In December 2016, the Office of the Inspector General (OIG), a watchdog agency within the U.S. Department of Justice (DOJ), issued an audit of the federal Bureau of Prisons’ contract with private prisoner company CoreCivic, formerly known as Corrections Corporation of America, to operate the Adams County Correctional Center.

That 2,232-bed facility, located in Natchez, Mississippi, gained notoriety in May 2012 following a major riot that left one prison employee dead. [See: PLN, June 2014, p.48]. A post-riot report recommended changes, which the OIG’s 2016 audit found still hadn’t been completed. Further, according to the audit, CoreCivic had not been held accountable by the Bureau of Prisons (BOP). The Inspector General wrote it was “deeply concerned” that the Adams facility remained “plagued by the same significant deficiencies” that had sparked the deadly riot.

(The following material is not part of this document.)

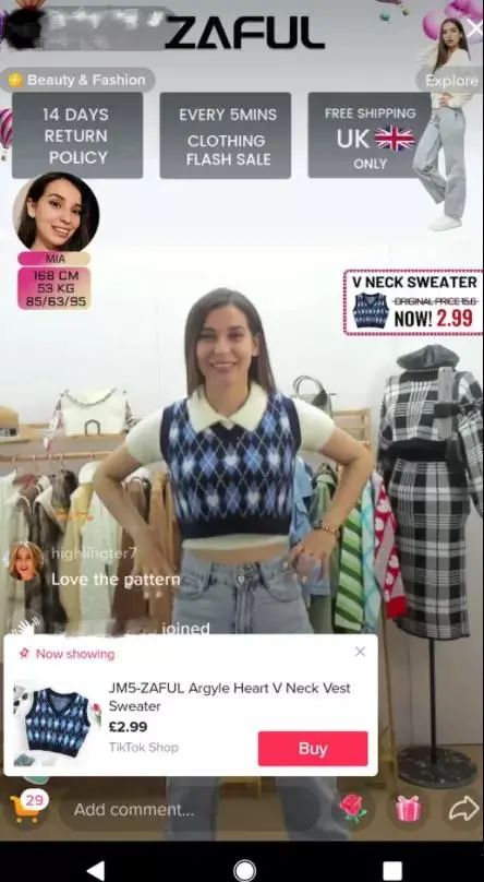 买家直播界面类似平时用户刷TikTok视频界面,不过屏幕下部出现滚动评论,在最下方有小黄车、留言区、鲜花、礼物以及分享等功能。

The audit directly echoed the findings of a multi-part investigation released earlier this year by The Nation, in partnership with the Investigative Fund of the Nation Institute, which uncovered serious problems at the Adams facility and 10 other privately-operated federal prisons used to incarcerate non-citizens convicted of crimes. The investigation found that CoreCivic had failed for years to correct inadequacies in the provision of medical care, and prisoners had died as a result.

Prison Legal News has published numerous articles exposing the deficiencies essentially built into the for-profit prison industry’s business model, including chronic understaffing, inadequate training of correctional employees, substandard health care, and dangerous conditions for both prisoners and staff. [See, e.g.: PLN, Jan. 2012, p.20].

Federal monitoring reports obtained by The Nation through a Freedom of Information Act lawsuit revealed that BOP monitors had documented 34 prisoner deaths following shoddy care at privately-run federal prisons between January 2007 and June 2015. Fourteen of those deaths occurred in facilities managed by CoreCivic, including at least seven at the Adams County Correctional Center.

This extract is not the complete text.